Cashflow Calculator - sgajbi/portfolio-analytics-system GitHub Wiki

Overview

The Cashflow Calculator service consumes persisted raw transaction events, calculates the corresponding cashflow based on a set of configurable business rules, persists the result, and emits a cashflow_calculated event for downstream analytics.

Recent enhancements:

  • Idempotent processing to prevent duplicate cashflows.
  • Correlation ID propagation for end-to-end traceability.
  • Standardized logging for consistent observability across the pipeline.

Key Responsibilities

  • Consume raw_transactions_completed events from Kafka topic.

  • Ensure idempotent processing:

    • Check processed_events table for (event_id, service_name).
    • Skip if already processed.
    • Record correlation_id in processed_events.
  • Apply business logic to determine cashflow attributes (amount, classification, timing, etc.).

  • Persist calculated cashflow in cashflows table.

  • Emit cashflow_calculated event with same correlation ID.

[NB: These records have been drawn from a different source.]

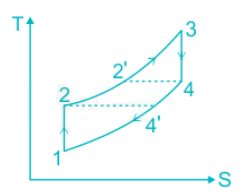 \(\eta = 1 - \frac{{{C_p}\left[ {{T_3} - {T_2}} \right]}}{{{C_p}\left[ {{T_4} - {T_1}} \right]}}\)
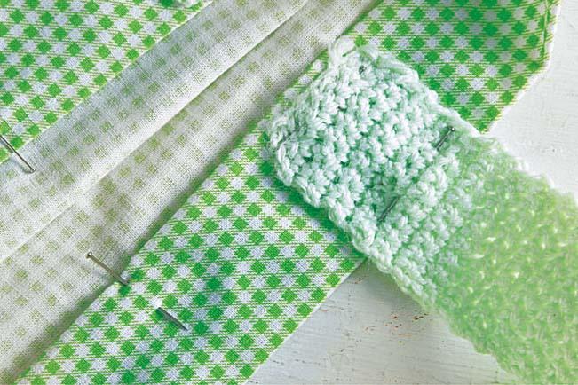 2. Из зеленой пряжи свяжи декоративную тесьму шириной 1,5–2 см (рисунок можешь выбрать любой, в зависимости от навыка в вязании) и аккуратно пришей ее, как это указано на фото.
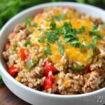 This hearty Stuffed Pepper Casserole combines the classic flavors of stuffed peppers into a comforting and easy-to-make baked dish. Ground beef, bell peppers, tomatoes, and rice meld together with Italian seasonings and melted cheese, making a perfect family-friendly meal that’s ready in under an hour.
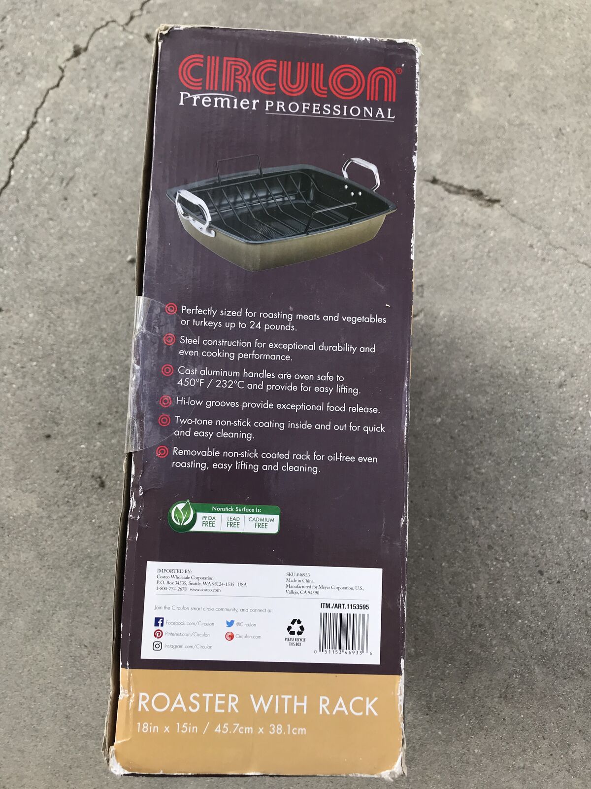ZelleHost your next holiday dinner with confidence using this brand-new Circulon Premier Professional Oval Roaster. This extra-large pan is built for durability and can accommodate a turkey up to 25 lbs.
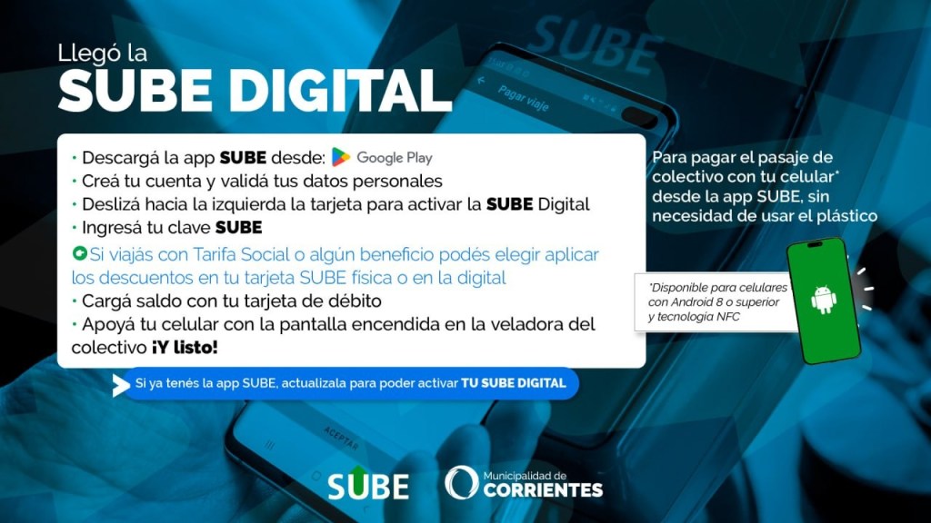 La Municipalidad de Corrientes informó que comenzó la activación de la tarjeta SUBE Digital, para que los pasajeros que viajan en colectivo puedan pagar directamente desde el celular.
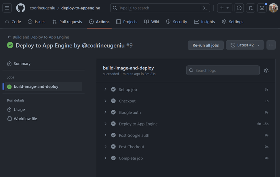 Once that is done, just create or checkout the “gcp-deploy” branch and push some code to it. This will trigger the build and the deployment to the App Engine.
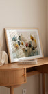 Cette œuvre montre de délicates fleurs aquarelles aux teintes douces sur un fond texturé. La composition éthérée capture la fragilité et l’élégance de la nature, la rendant parfaite pour les amateurs d’art floral et d’inspiration en matière de décoration intérieure.
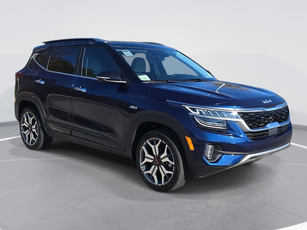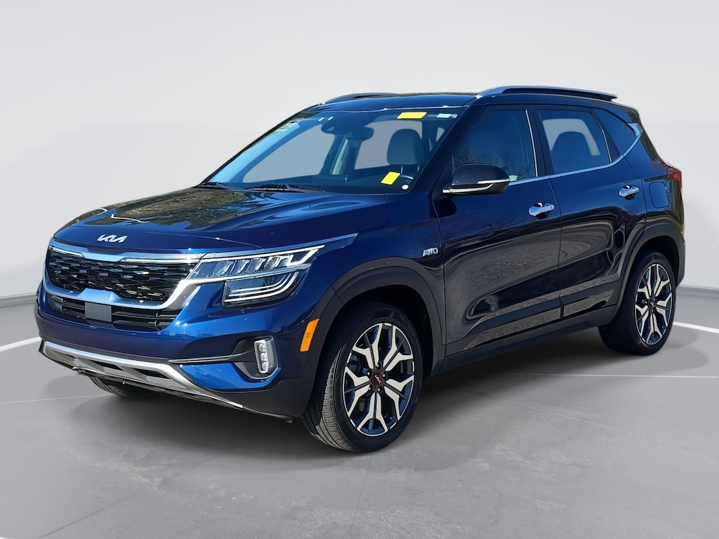 Clean CARFAX. CARFAX One-Owner. Dark Ocean Blue/Black Roof 2023 Kia Seltos SX AWD 7-Speed Automatic I4 LOCAL TRADE, LOW MILEAGE, ONE-OWNER.
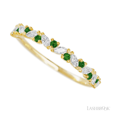 14K Yellow Gold band with alternating 9 Round Green Diamond and 8 Marquise Lab Grown Diamond having TCW-.38
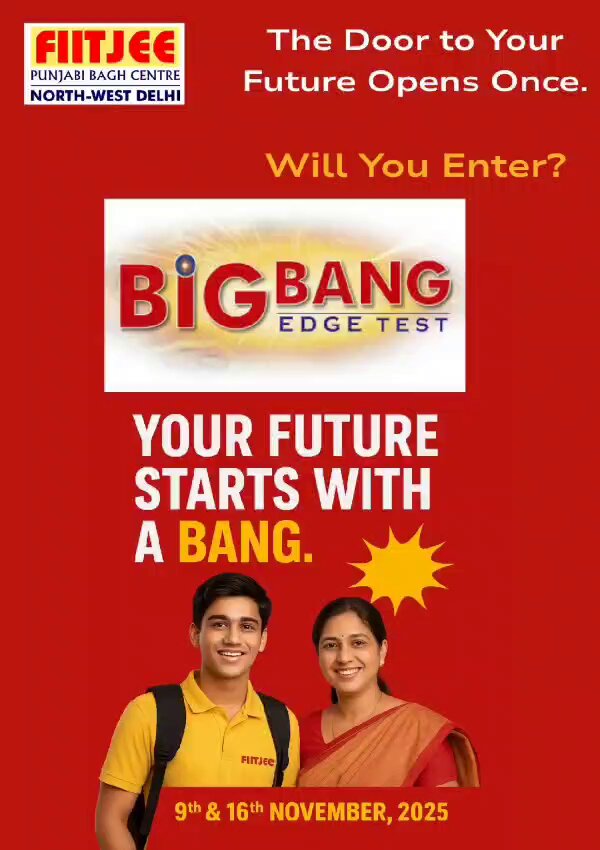 Don’t watch others get ahead — grab your edge with FIITJEE’s Big Bang Edge Test! #BigBangEdgeTest #FIITJEEEdge #CrackTheEdge #IITDreamsStartHere #TopperMindset #BBET2025 #PunjabiBagh #DelhiStudents #DelhiSchools #FIITJEEPunjabiBagh #DelhiToppersChoice #IITJEE #ExamPrep

  • Log all actions with [corr_id=<svc-shortname>:uuid] for traceability.


Technology Stack

  • Python Kafka consumer (confluent-kafka-python)
  • SQLAlchemy ORM
  • PostgreSQL for persistence
  • Standard logging utility (portfolio_common.logging_utils) for correlation ID logging

Implementation Details

Kafka Consumer

  • Subscribes to raw_transactions_completed.
  • Extracts correlation_id from Kafka headers (generates if missing).
  • Logs receipt and processing with correlation ID.
  • Performs idempotency check before calculation.

Calculation Logic

  • Configuration-driven rules for each transaction type define:

    • classification (Investment Inflow, Dividend, Interest, Fee, etc.)
    • timing (BOD/EOD)
    • calculation_method (NET/GROSS)
  • Stateless core logic takes transaction and rules as input to produce cashflow.

Persistence

  • Inserts cashflow into cashflows table.
  • Records (event_id, service_name, correlation_id) in processed_events atomically.

Event Emission

  • Publishes cashflow_calculated event with correlation_id in headers.
  • Downstream calculators use correlation ID for traceability.

Logging & Observability

  • Logs enriched with correlation ID:

    2025-08-01 12:34:56 [INFO] [corr_id=CFLOW:123e4567-e89b-12d3-a456-426614174000] CashflowCalculator - Cashflow calculated for TX123
    
  • Ops can trace calculation from ingestion to cashflow output.


Testing

  • Unit tests for CashflowLogic across transaction types.

  • Integration tests to verify:

    • Idempotency works for reprocessed events.
    • Correlation ID persists in DB and events.
    • End-to-end cashflow calculation correctness.